On the wings of the black crow come the spirits of old, treasured, discarded, lost, forgotten, dearly beloved toys who have made a significant contribution to our lives.
I was twelve as I recall, old enough to leave him far behind,
but he’d spent every day with me for as long as I remember.
His fur was worn, his ear torn, but his love was true and pure.
He was my ally, my closest friend.
When I was whipped and that was often,
not saying I didn’t deserve it,
he was there to comfort me.
He romped with me in meadow and in woodland,
snugly riding in my knapsack.
He slept with me and listened to my chatter.
When I was sick with measles and with mumps
he sat patiently and waited till I was well again.
His name was Teddy,
just plain Teddy.
When my father passed beyond and my world turned upside down,
Teddy was ready to console.
When we were forced to move from the country into town,
“Toys must go,” my mother said, “you’ll play no more.”
She snatched Teddy from my arms and put him on the trash.

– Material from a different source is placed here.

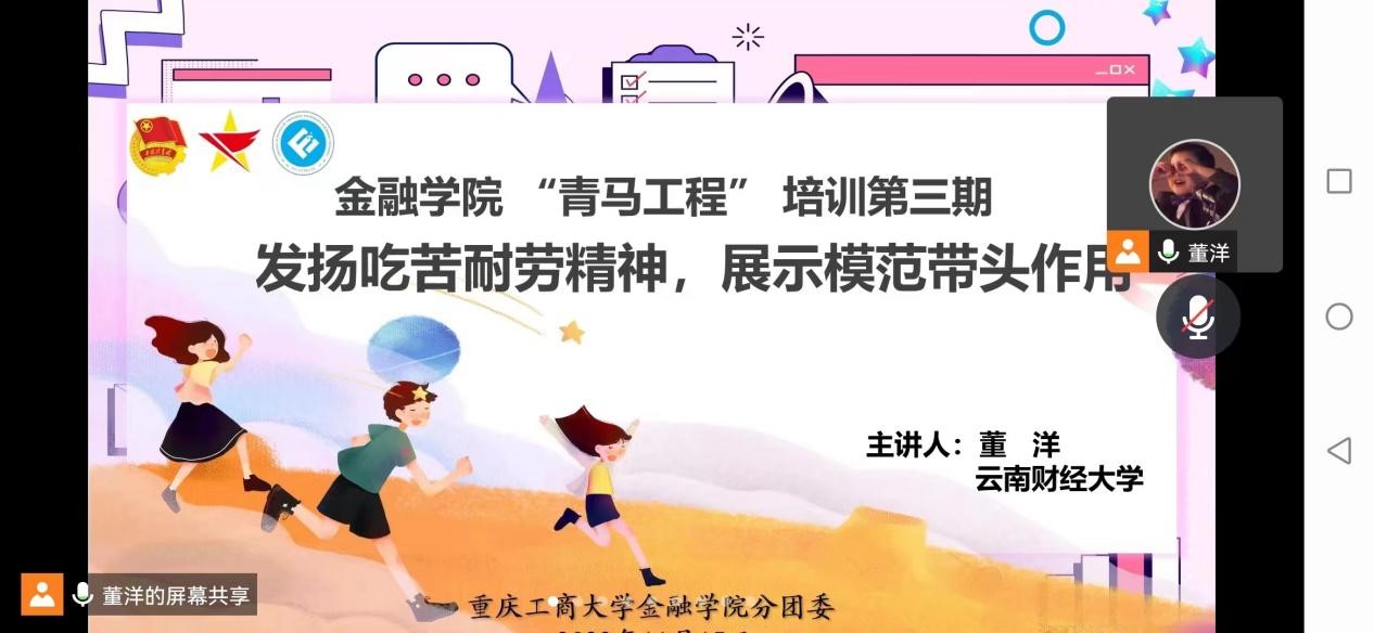 11月17日,为培养学生干部能吃苦耐劳精神,展示其模范带头作用,云南财经大学董洋校友为2138CC太阳集团分团委学生会骨干、青年志愿者服务队骨干和21级班团干部开展了“发扬吃苦耐劳精神,展示模范带头作用”的专题培训。

All I remember clearly is the fire
and Teddy on the trash heap with flames licking all around.
His beady eyes turned black and blistered as he stared in pain at me.
Through tears I watched as Teddy turned to ash.
I have other Teddies now, collector bears with moving limbs all dressed in finery.
I never have forgotten though and often think of him and the joy he brought the child in me.
If there is a Teddy Heaven and he is looking down,
he knows I love him very much, did, and always will.